International Statistical Review (2010), 00, 0, 1–30 doi:10.1111/j.1751-5823.2010.00105.x
Information Measures in Perspective
Nader Ebrahimi1, Ehsan S. Soofi2 and Refik Soyer3
1Division of Statistics, Northern Illinois University, DeKalb, IL 60155, USA E-mail: [email protected] 2Sheldon B. Lubar School of Business, University of Wisconsin-Milwaukee, P.O. Box 742, Milwaukee, WI 53201, USA E-mail: [email protected] 3Department of Decision Sciences, George Washington University, Washington, DC 20052, USA E-mail: [email protected]
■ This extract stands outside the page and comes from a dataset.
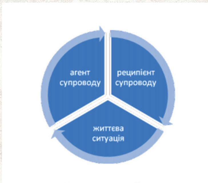
Рис. 1. Модель горизонтальної структури соціально-психологічного супроводу

Автором розроблено оригінальну концептуальну модель соціально-психологічного супроводу постраждалих від воєнних дій. Супровід визначено як спеціально організовану діяльність, що забезпечує відновлення психологічного здоров'я та конструктивні особистісні трансформації. Розглянуто також взаємозв'язок компонентів горизонтальної моделі соціально-психологічного супроводу (рис. 1): 1) реципієнта, споживача, «юзера», якого супроводжують; 2) агента, тобто спеціаліста, групи, спільноти, що беруть участь у супроводі; 3) життєвої ситуації, що сприяє чи заважає взаємодії реципієнта й агента.

Summary Information-theoretic methodologies are increasingly being used in various disciplines. Frequently an information measure is adapted for a problem, yet the perspective of information as the unifying notion is overlooked. We set forth this perspective through presenting information-theoretic methodologies for a set of problems in probability and statistics. Our focal measures are Shannon entropy and Kullback–Leibler information. The background topics for these measures include notions of uncertainty and information, their axiomatic foundation, interpretations, properties, and generalizations. Topics with broad methodological applications include discrepancy between distributions, derivation of probability models, dependence between variables, and Bayesian analysis. More specific methodological topics include model selection, limiting distributions, optimal prior distribution and design of experiment, modeling duration variables, order statistics, data disclosure, and relative importance of predictors. Illustrations range from very basic to highly technical ones that draw attention to subtle points.
Key words: Bayesian information; dynamic information; entropy; Kullback–Leibler information; mutual information.
1 Introduction The information theory offers measures that have axiomatic foundation and are capable of handling diverse problems in a unified manner. However, the information methodologies are often developed in isolation, where a particular measure is used without consideration of the larger picture. This paper takes an integrative approach and draws the common properties of various information measures. This approach enables us to relate solutions to diverse problems. We present information-theoretic solutions to several statistical problems, ranging from very basic to highly technical. The paper is organized into the following parts:
(a) Basic notions and measures of uncertainty and information (Sections 2–4). (b) Information methodologies for model derivation and selection, measuring dependence, and Bayesian analysis (Sections 5–7). (c) Specific areas of applications (Section 8).